Type of hydrogen compressors

There are six different type of hydrogen compressors that are widely used in the hydrogen economy.

1. Reciprocating compressors: In a reciprocating hydrogen compressor, a piston or plunger compresses the hydrogen gas. As the piston or plunger moves back and forth, it increases the pressure of the hydrogen gas by reducing its volume. A reciprocating hydrogen compressor is typically used for low- to medium-pressure applications and are known for their high efficiency and durability.
2. Centrifugal compressors: In a centrifugal hydrogen compressor, a spinning impeller compresses the hydrogen gas. As the impeller spins, it generates a high-velocity flow of hydrogen gas, which is then converted into pressure by a diffuser. Where a small hydrogen compressor is needed, the centrifugal type is preferred. It is typically used when a high pressure hydrogen compressor is required and it is known for high flow rates and compact size.
3. Diaphragm compressors: Diaphragm compressors use a flexible membrane or diaphragm to compress the hydrogen gas. As the diaphragm moves back and forth, it increases the pressure of the hydrogen gas by reducing its volume. Diaphragm compressors are typically used for low-pressure applications and are known for their low noise and vibration levels.
4. Scroll compressors: Scroll compressors use two interleaved scrolls to compress the hydrogen gas. As the scrolls rotate, they trap and compress pockets of the hydrogen gas, increasing its pressure. Scroll compressors are typically used for low- to medium-pressure applications and are known for their high efficiency and compact size.
5. Cryogenic hydrogen compressor: This type of compressor is of special interest for hydrogen mobility solutions, involving liquefaction of hydrogen down to very low temperatures in order to be stored at 350 or 700 bar.
6. Electrochemical hydrogen compressor: These type of compressors are the newest type of compressors in which hydrogen gas compressed using electricity. This kind of compressor uses an electrolysis procedure to separate the hydrogen and oxygen atoms from the water molecules, and then it compresses the hydrogen gas to a high-pressure state for storage or transit. The electrochemical hydrogen compressors are still in their research and development phase but are most suitable to be primarily used in PEM fuel cells.
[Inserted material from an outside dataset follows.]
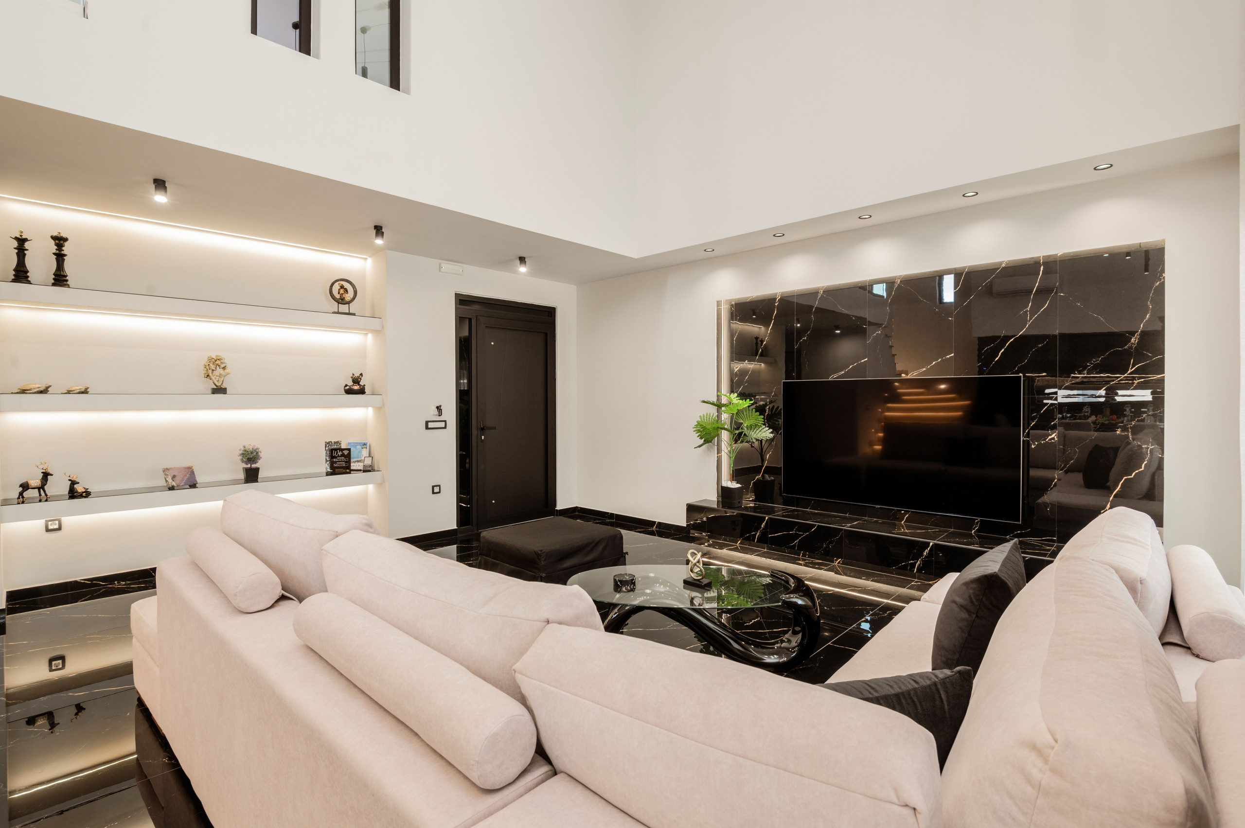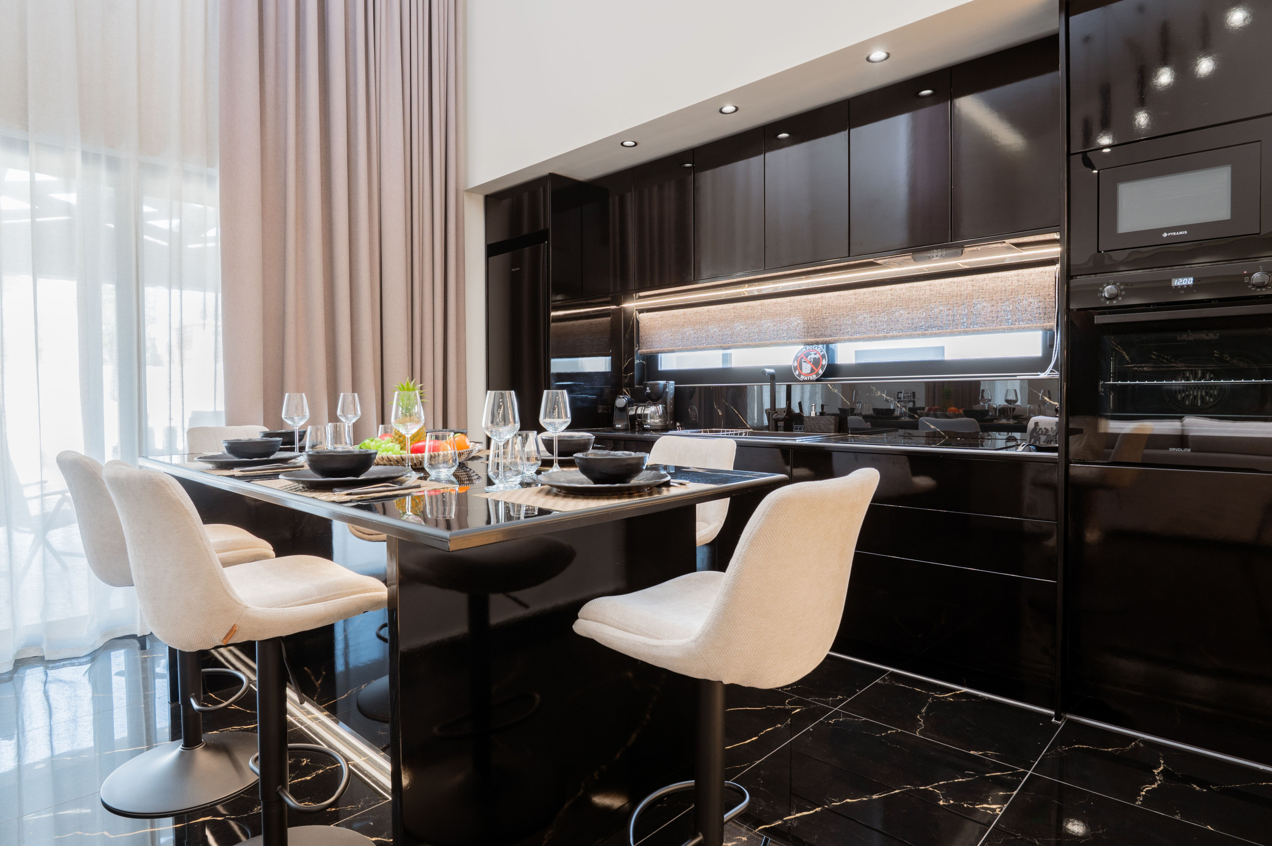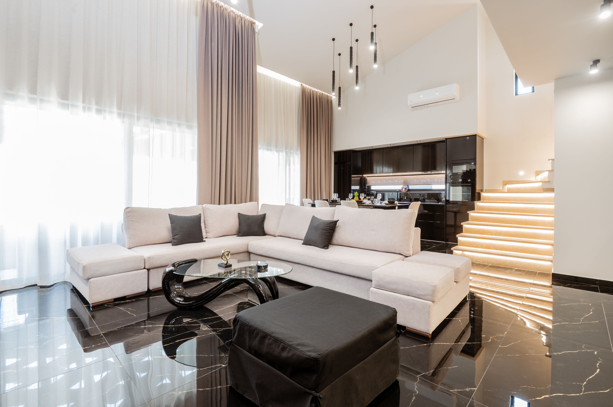 The ground floor offers a warm and welcoming space with an open-concept layout. The living area, complete with a Smart TV, a plush double sofa bed and expansive windows, effortlessly flows into the outdoor terrace and pool area. Adjacent to the living room is a fully equipped kitchen, featuring top-of-the-line appliances like a dishwasher, coffee makers, and all the essentials for preparing delicious meals.

Example – reciprocating compressor

Use cases

Hydrogen compressors are one of the key component in the hydrogen industry with several use cases in the hydrogen economy.
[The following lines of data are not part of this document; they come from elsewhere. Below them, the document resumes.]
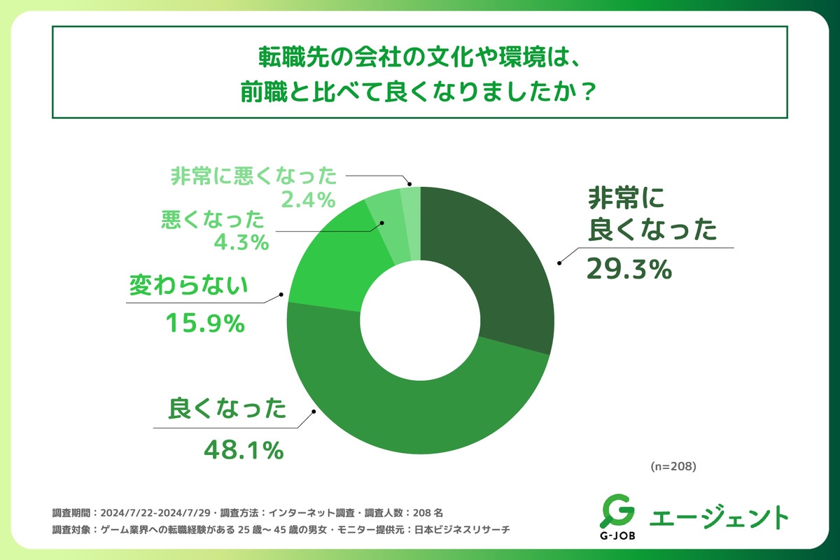 また、「転職先の会社の文化や環境は、前職と比べて良くなったか」を問う設問への回答では「良くなった」が最も多く48.1%、次いで「非常に良くなった」が29.3%で続く形となりました。この2つの合計で回答率は75%を超えており、ゲーム業界へ転職された方の多くが、転職前と比べて会社の文化や環境が良くなったと感じていることがわかりました。
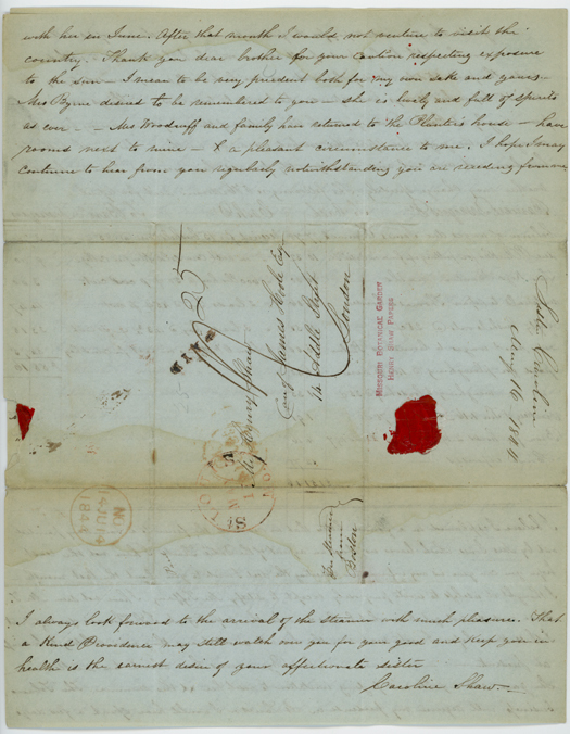 Caroline Shaw. 1844. “Letter from Caroline Shaw to Henry Shaw.”, WashU & Slavery, accessed February 11, 2026, https://digitalexhibits.library.wustl.edu/s/washu-slavery/item/59515
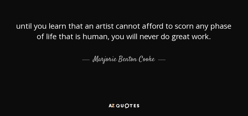 until you learn that an artist cannot afford to scorn any phase of life that is human, you will never do great work.
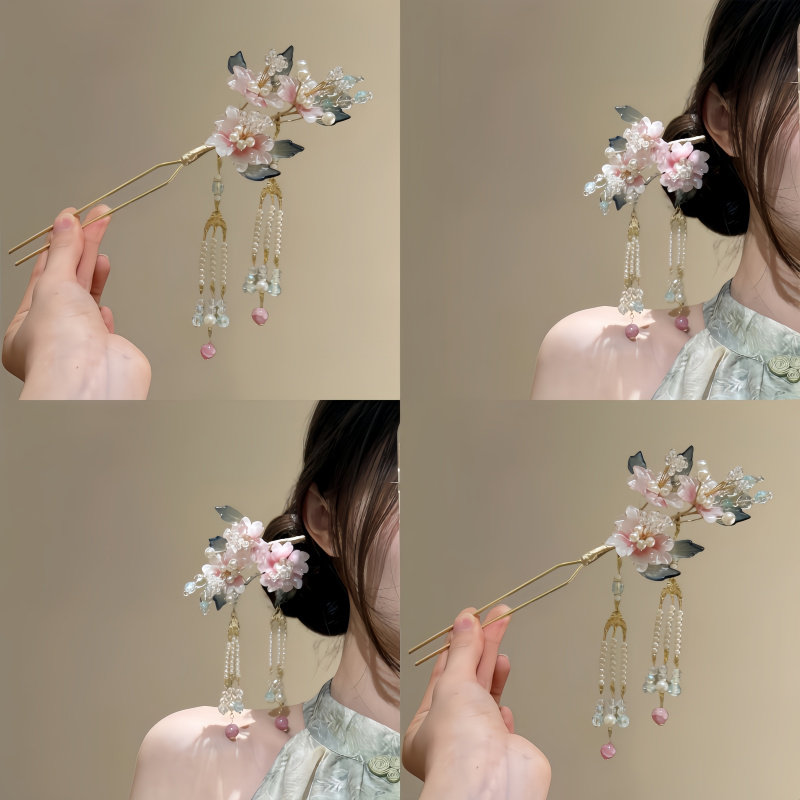 繁瑾迷情~新中式簪花绢花花朵发钗流苏发簪子古典头饰汉服头饰品
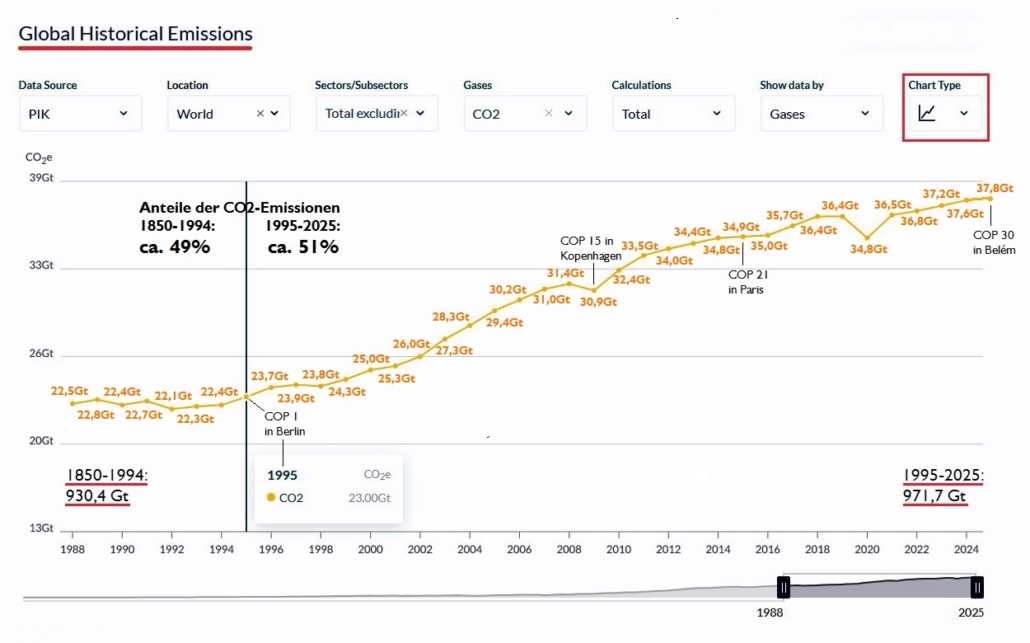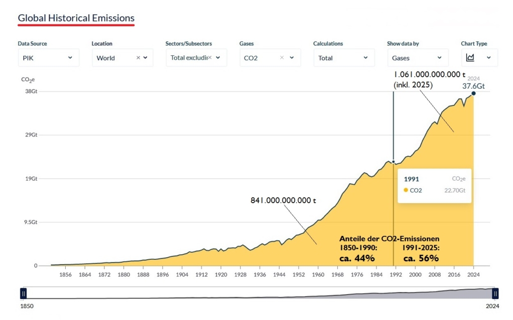 Der von Jahr zu Jahr stärker spürbare Klimawandel ist deshalb weniger das Ergebnis einer langen historischen Entwicklung seit Beginn des Industriezeitalters, sondern er beruht hauptsächlich auf den globalen CO2-Emissionen aus der Zeit nach 1990.

• Hydrogen refueling stations: Hydrogen compressors are used in hydrogen refueling stations to compress the hydrogen gas to the required pressure for dispensing to fuel cell vehicles. As a result, this type of installation is often also referred to as a hydrogen compressor station.
• Hydrogen production: Hydrogen compressors may be used in hydrogen production systems, such as electrolysers, to compress the hydrogen gas produced by the electrolysis process to the required pressure for storage or distribution.
• Hydrogen storage: A compressor for hydrogen may be used in hydrogen storage systems to compress the hydrogen gas to the required pressure for storage. This can improve the storage capacity and safety of the system.
• Fuel cell systems: Especially small hydrogen compressors may be used in fuel cell systems to compress the hydrogen gas to the required pressure for the fuel cell stack. This can improve the performance and efficiency of the fuel cell system.
• Industrial applications: Hydrogen compressors may be used in a variety of industrial applications, such as hydrogenation, chemical processing, and petroleum refining, to compress the hydrogen gas to the required pressure for these processes.
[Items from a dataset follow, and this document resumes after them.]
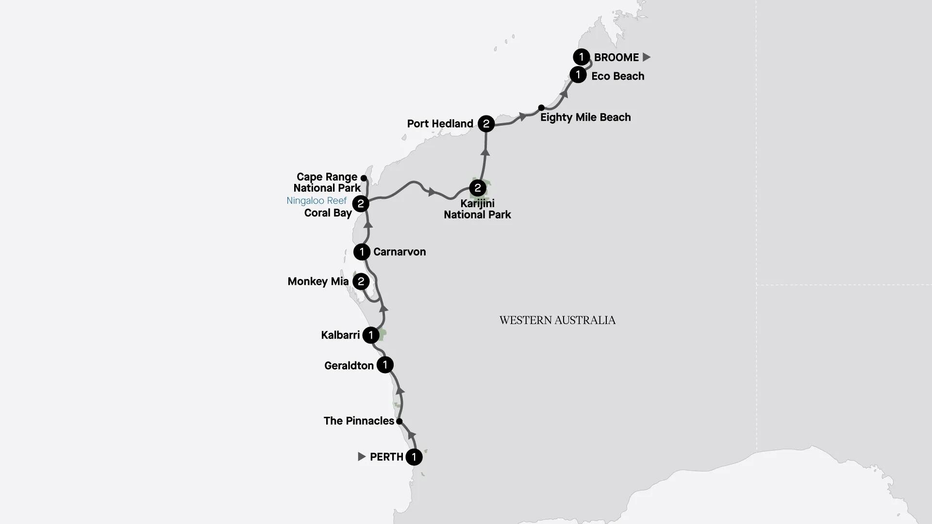 Set off on a 15-day Small Group Tour with a maximum of just 22 guests, exploring the iconic sites and hidden gems of Western Australia. From the wild dolphins of Monkey Mia to the stunning landscapes of Karijini National Park, and the unspoilt reef of Coral Bay, this region is filled with surprises.
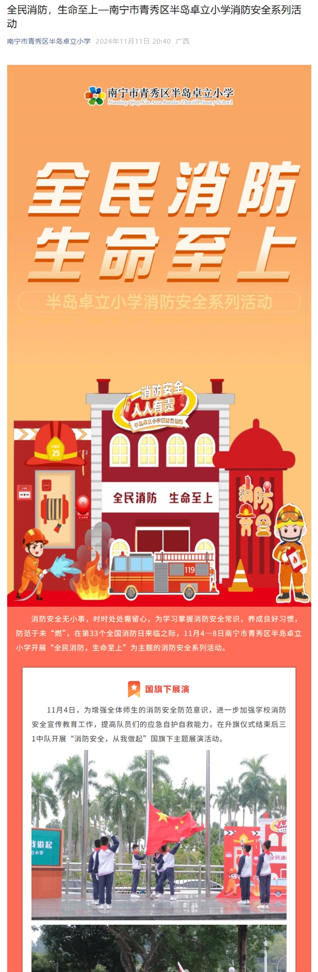 全民消防,生命至上—南宁市青秀区半岛卓立小学消防安全系列活动
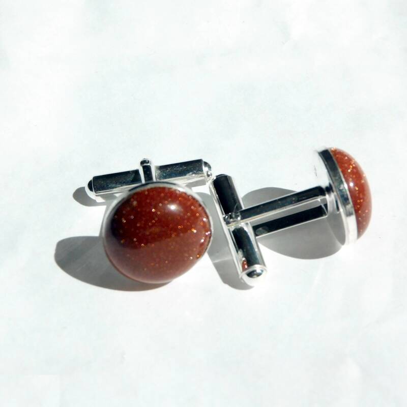 Bijzondere manchetknopen van echt zilver met een goudsteen

The role of hydrogen gas compressor in a refueling station

In a hydrogen refueling system, the role of the hydrogen compressor is to compress the hydrogen gas to the required pressure for dispensing to vehicles. This may involve compressing the hydrogen gas to pressures ranging from 350 to 700 bar, depending on the specific requirements of the refueling system. The compressor for hydrogen in a refueling system may also be responsible for filtering and purifying the hydrogen gas to remove impurities and contaminants that could affect the performance of fuel cell vehicles.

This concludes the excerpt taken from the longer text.